Your Digestive Issues Could Be Starting In Your Head
Your gut health and your mental health are as inescapably intertwined as summertime and rosé. This link is an area Western medicine has just begun to explore (more on that in a bit). But it’s a bit of a chicken-and-egg situation: Which came first, your anxiety or your gut issues? We spoke to Kimberly Snyder, nutritionist and New York Times best-selling author of the Beauty Detox book series and Radical Beauty, to help break down the brain-gut connection.
“In 2001, Dr. Emeran Mayer, a professor of medicine, physiology and psychiatry at UCLA, found that the brain and the gut have a complex, bi-directional communication system that aids in digestion but also motivation and higher cognitive functions, including intuitive decision-making,” Kimberly says. “It turns out the pathway to treating depression, IBS, ulcers and anxiety may be hiding in the connection between the gut and the brain. If you’re stressed, anxious, worried or upset, distress signals are sent to your gut and can create an imbalance.”
The Gut-Brain Connection
"The mind and the body are intrinsically connected, as our bodies are holistic organisms that need attention paid to the entire biological system as opposed to its various parts," says Kimberly. And yes, that holistic approach should include your mental well-being.
"Stress and anxiety greatly affect your body. While the stress response begins in the brain, it quickly spreads to the rest of the body through the release of chemicals such as adrenaline and cortisol. Continually high levels of stress hormones affect multiple systems in your body, including glucose metabolism, blood pressure regulation, immune function and inflammation. The gut is the only organ with its own intrinsic nervous system, which is able to mediate impulses in the complete absence of input from the brain."
In other words, stress majorly messes with your gut.

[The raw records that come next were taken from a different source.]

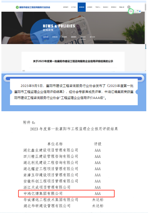 集團(tuán)榮獲襄陽(yáng)市建設(shè)工程咨詢服務(wù)行業(yè)協(xié)會(huì)“工程監(jiān)理企業(yè)信用評(píng)價(jià)AAA級(jí)”
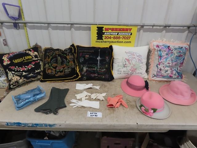 5 Assorted Souvenir Pillows, 3 Ladies Hats, Gloves, plus more
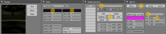 Después de eso ve a los botones Shading/world (f y ajústalo a sphere mapeando sobre el panel textures and input. Sobre el panel map todo presiona hori y ajusta el modo blending para agregar. Ajusta el color del mundo en oscuro y con el deslizador col puedes ajustar la intensidad del mapa HDRI. Figura 5.
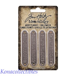 If you love adding word plaques to your Halloween projects, this set of 4 is going to delight you. This set of 4-word plaques is designed by Tim Holtz for the Idea-ology Halloween Collection. These plaques include the phrases The Apothecary, Found Objects, Curious Things, and Bone Collector. These plaques can be used with fasteners to adhere the plaque to your project. These plaques measure 2 3/8" x 7/8". These plaques are constructed of metal with an antique nickel finish. Plaques look amazing when added to cards, invitations, Halloween paper crafts, Halloween home decor, vignette boxes, curios, and many other Halloween products.
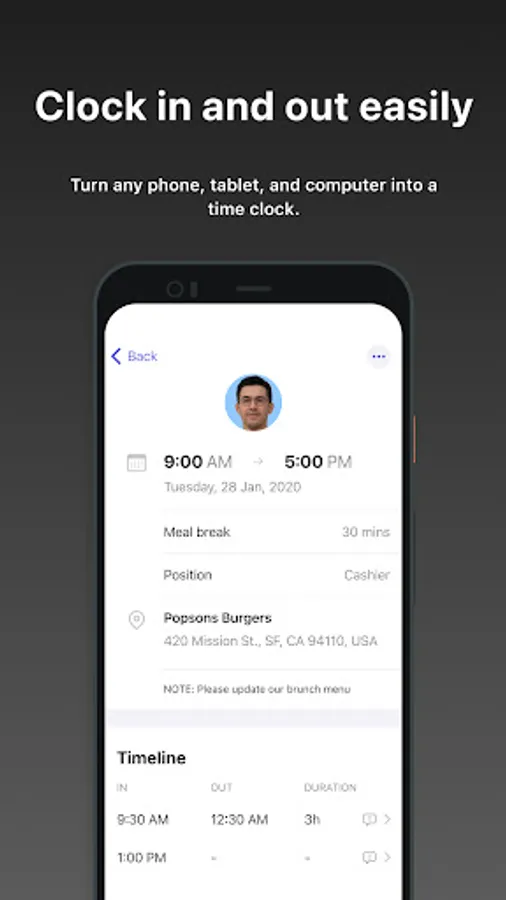 - Clock in and clock out from any device
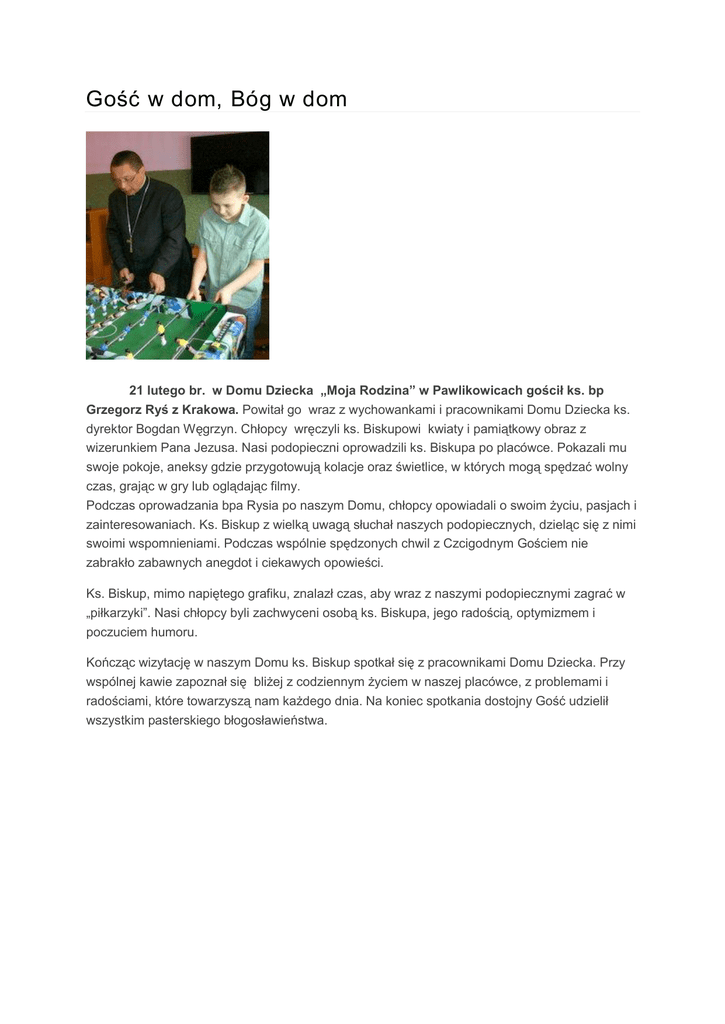 Gość w dom, Bóg w dom 21 lutego br. w Domu Dziecka „Moja Rodzina” w Pawlikowicach gościł ks. bp Grzegorz Ryś z Krakowa. Powitał go wraz z wychowankami i pracownikami Domu Dziecka ks. dyrektor Bogdan Węgrzyn. Chłopcy wręczyli ks. Biskupowi kwiaty i pamiątkowy obraz z wizerunkiem Pana Jezusa. Nasi podopieczni oprowadzili ks. Biskupa po placówce. Pokazali mu swoje pokoje, aneksy gdzie przygotowują kolacje oraz świetlice, w których mogą spędzać wolny czas, grając w gry lub oglądając filmy. Podczas oprowadzania bpa Rysia po naszym Domu, chłopcy opowiadali o swoim życiu, pasjach i zainteresowaniach. Ks. Biskup z wielką uwagą słuchał naszych podopiecznych, dzieląc się z nimi swoimi wspomnieniami. Podczas wspólnie spędzonych chwil z Czcigodnym Gościem nie zabrakło zabawnych anegdot i ciekawych opowieści. Ks. Biskup, mimo napiętego grafiku, znalazł czas, aby wraz z naszymi podopiecznymi zagrać w „piłkarzyki”. Nasi chłopcy byli zachwyceni osobą ks. Biskupa, jego radością, optymizmem i poczuciem humoru. Kończąc wizytację w naszym Domu ks. Biskup spotkał się z pracownikami Domu Dziecka. Przy wspólnej kawie zapoznał się bliżej z codziennym życiem w naszej placówce, z problemami i radościami, które towarzyszą nam każdego dnia. Na koniec spotkania dostojny Gość udzielił wszystkim pasterskiego błogosławieństwa.

"Western medicine has historically treated the body as a group of separate parts that function independently from one another. However, in the past 20 years or so there has been a lot of science concerning the enteric nervous system by Dr. Michael Gershon, the neurobiologist considered largely responsible for our current understanding of the many functions of the gut," explains Kimberly.
"Also, the ancient teachings of Ayurveda have told people for years that our emotional state has a dramatic impact on our physical health. So while this is a fairly new way of thinking for the Western world, Eastern medicine has held this ethos for hundreds of years."
"The GI tract is greatly affected by stress," says Kimberly. "It can induce inflammation, impair contraction and increase the body's susceptibility to infections." That can manifest in a chronic upset stomach, irritable bowel syndrome and other digestive issues. (Lol classic gut response to stress.)
"However, positive emotions do not have taxing effects on the body," she adds.
"Not taking probiotics can cause damage to your gut," Kimberly says. "Furthermore, a diet of non-organic, processed food, including pasteurized milk and other unnatural food substances, can distort the balance of beneficial bacteria and create gut leakage." (Um, ew.)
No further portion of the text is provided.